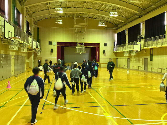 非常用袋を背負い、水害を想定した避難訓練をしました🎒
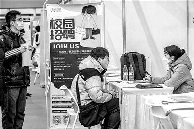 2月16日,學(xué)生在西安建筑科技大學(xué)2023屆畢業(yè)生春季就業(yè)洽談會(huì)上尋找合適的崗位。
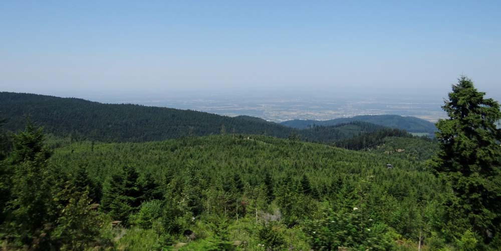 Satnav guided us through the numerous confusing signs that were everywhere in Baden-Baden and also forgave us when we didn’t take the slip road inside the two mile long tunnel under the town – we were convinced she thought we were already out of the tunnel and was telling us to turn up ahead, oops. Soon we were on the Schwarzwald-Hochstraße (Black Forest High Street) which wound its way through mile after mile of trees with tiny glimpses of views across the Rhine and over into France.
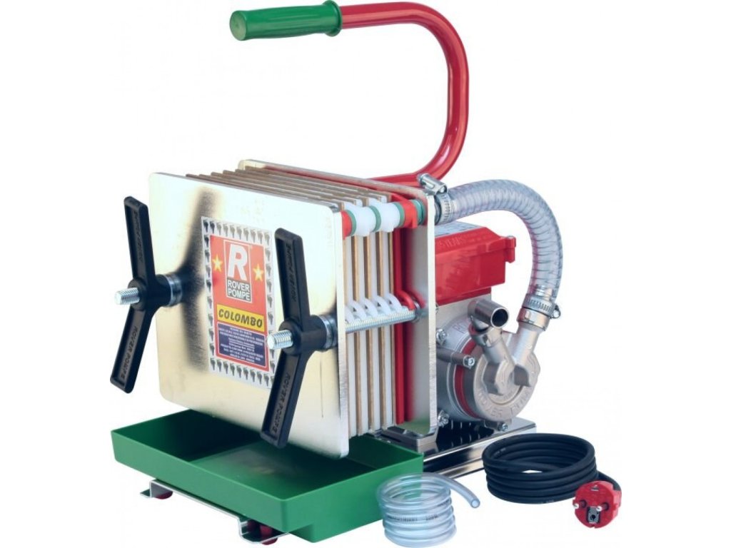 Niezawodny filtr ze stali nierdzewnej z pompą (ROVER 20i) do żywności. Wymiary płyt filtracyjnych: 20x20. Filtruje 200-300 l/h w zależności od mętności cieczy. To jest dla 6 płyt filtracyjnych
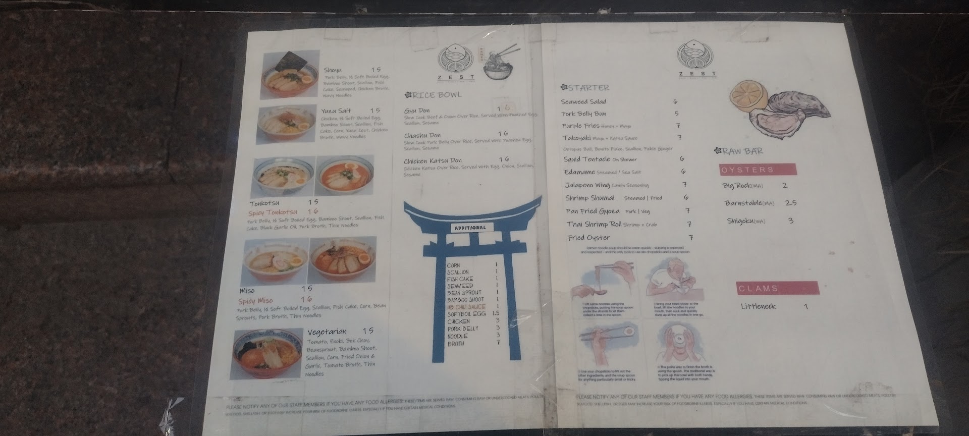 August 8th 2025 Still going to Zest, they have now added sushi rolls to their menu, they still have a happy hour, and also have added a new ramen item to their other usual soup flavors. Still many years later for me a solid Ramen choice. My only gripe, they do not have a robust AC system, at least not when i go, I will wait till fall / winter to revisit.
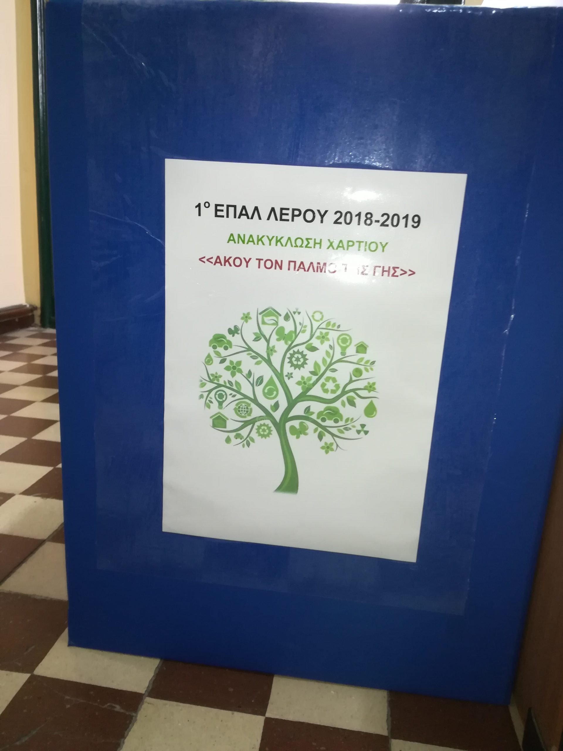 Παράλληλα, προσέφεραν δύο (2) ειδικά διαμορφωμένα χαρτοκιβώτια, για την περισυλλογή του χαρτιού. Επίσης η αντιπροσωπεία του ΕΠΑΛ γνωστοποίησε στον κ. Δήμαρχο ότι πρόκειται να τροφοδοτηθούν οι υπηρεσίες του νησιού μας με αντίστοιχα χαρτοκιβώτια για την ανακύκλωση.
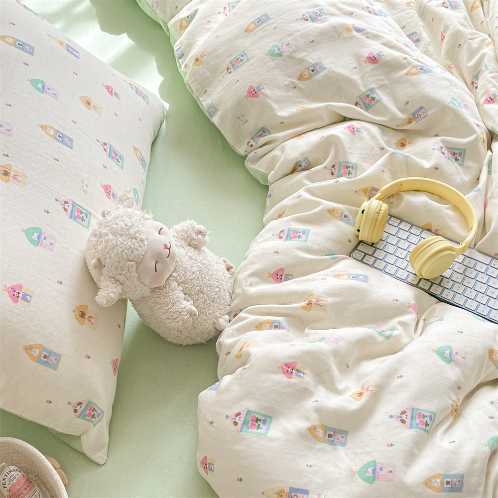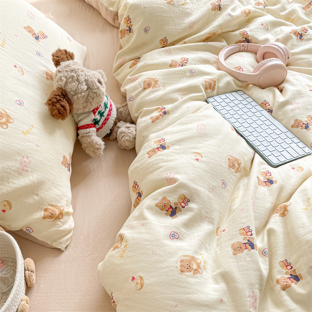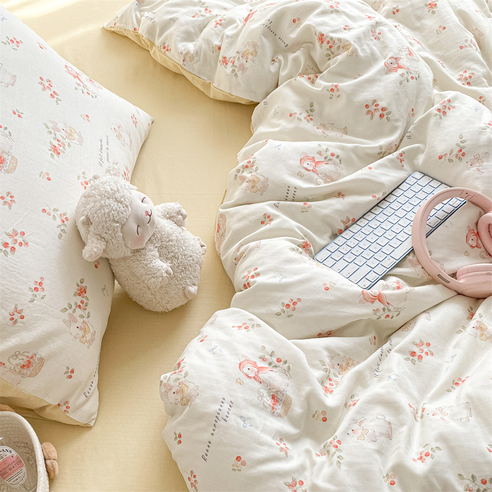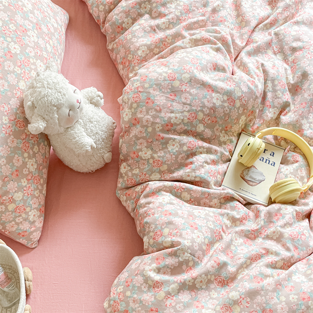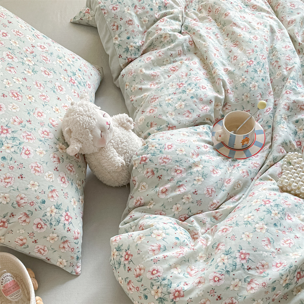 작은 꽃 신선한 면 더블 레이어 원사 4 피스 세트 코튼 퀼트 커버 시트 3 피스 세트 난통 침구 카테고리 a
· · · ·
YOUR INSTRUCTIONS - Here the job is to copy the stretch of records from the line containing "2月16日,學(xué)生在" through the line containing "Niezawodny filtr ze", word for word. Leave every picture out.

TASK RESULT -
 2月16日,學(xué)生在西安建筑科技大學(xué)2023屆畢業(yè)生春季就業(yè)洽談會(huì)上尋找合適的崗位。
 Satnav guided us through the numerous confusing signs that were everywhere in Baden-Baden and also forgave us when we didn’t take the slip road inside the two mile long tunnel under the town – we were convinced she thought we were already out of the tunnel and was telling us to turn up ahead, oops. Soon we were on the Schwarzwald-Hochstraße (Black Forest High Street) which wound its way through mile after mile of trees with tiny glimpses of views across the Rhine and over into France.
 Niezawodny filtr ze stali nierdzewnej z pompą (ROVER 20i) do żywności. Wymiary płyt filtracyjnych: 20x20. Filtruje 200-300 l/h w zależności od mętności cieczy. To jest dla 6 płyt filtracyjnych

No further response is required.